Host: example.com:443 is technically legal (RFC 9110 §7.2 allows a port), but
many servers compare the Host value verbatim and a synthesized default port
breaks them. The case that bit us is AWS S3 presigned URLs (SigV4):

  • The signature is computed over the canonical host s3.amazonaws.com.
  • HTTP.jl 2.0 sends Host: s3.amazonaws.com:443.
  • S3 recomputes the signature from the received Host, gets a different value,
    and rejects the request: 403 SignatureDoesNotMatch.

The same request succeeds with curl and with HTTP.jl 1.x, which send a bare
Host.

What other clients do

Go's net/http keeps the Host header equal to the URL authority and adds the
default port only to the dial address, never to Host:

req, _ := http.NewRequest("PUT", "https://s3.amazonaws.com/b/k", body)
httputil.DumpRequestOut(req, false)
//   PUT /b/k HTTP/1.1
//   Host: s3.amazonaws.com            <- bare; :443 not added

req2, _ := http.NewRequest("PUT", "https://s3.amazonaws.com:443/b/k", body)
//   Host: s3.amazonaws.com:443        <- explicit port preserved

curl and HTTP.jl 1.x behave the same way. HTTP.jl 2.0 is the outlier.

The fix

Add a host_header view on the parsed URL that mirrors the authority as
written — an explicit port is preserved, the default port is never synthesized
(and IPv6 brackets are kept) — and build request.host from it. The connection
address is unchanged, so dialing still targets the correct port.

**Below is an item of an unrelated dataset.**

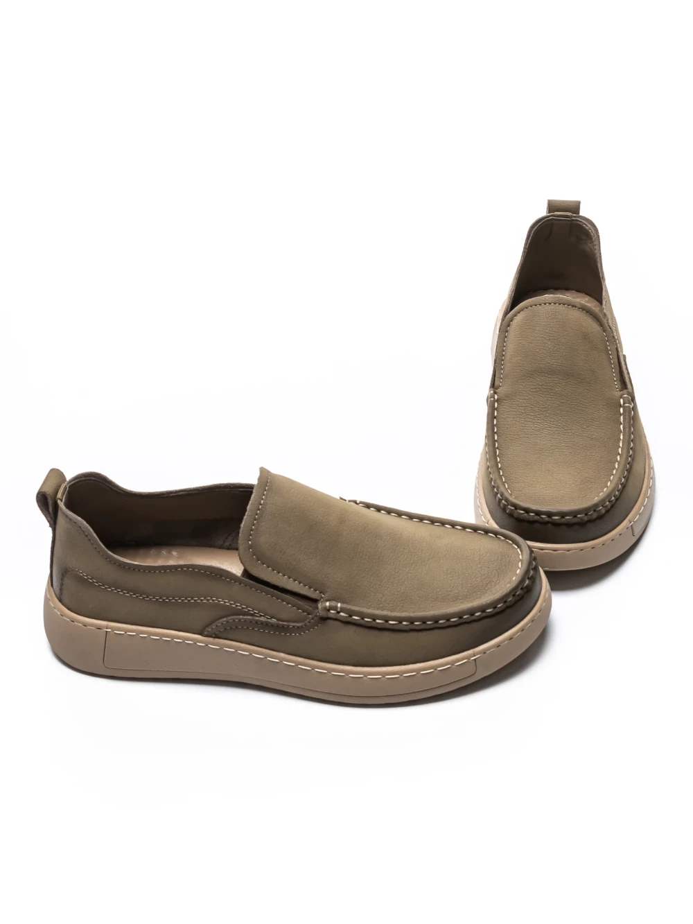 Mokasyny męskie ze skóry naturalnej A90006 Khaki | Advancer

URL dial address (unchanged) Host header (before → after)
https://example.com/ example.com:443 example.com:443example.com
https://example.com:443/ example.com:443 example.com:443example.com:443
http://minio:9000/ minio:9000 minio:9000minio:9000
https://[2001:db8::1]/ [2001:db8::1]:443 [2001:db8::1]:443[2001:db8::1]

Unit tests added in test/http_client_tests.jl covering bare host, explicit
default port, http default port, a custom port, and IPv6 (bracketed) forms.

Verified end-to-end: a real S3 presigned PUT that returns 403 on current
master returns 200 with this change.

For a URL without an explicit port, the client built the request `Host`
header from the connection address, which always carries the scheme's
default port (`example.com:443`). The Host header should mirror the URL
authority as written, so a bare-host URL must send a bare `Host`.

Sending `Host: host:443` is legal per RFC 9110 but breaks any server that
treats the Host verbatim. Concretely it breaks AWS SigV4 presigned URLs:
the signature is computed over the canonical host (`s3.amazonaws.com`), so
a request whose Host carries `:443` is rejected with SignatureDoesNotMatch
(403). Go's net/http, curl and HTTP.jl 1.x all keep the Host as written.

Add a `host_header` view on the parsed URL that preserves an explicit port
but never synthesizes the default one (keeping IPv6 brackets), and build
`request.host` from it. The connection address is unchanged, so dialing
still targets the right port.

Co-Authored-By: Claude Opus 4.8 (1M context) <noreply@anthropic.com>
@codecov

codecov Bot commented Jun 23, 2026

Copy link
Copy Markdown

Codecov Report

❌ Patch coverage is 94.44444% with 1 line in your changes missing coverage. Please review.
✅ Project coverage is 87.71%. Comparing base (a1eb82b) to head (73936f2).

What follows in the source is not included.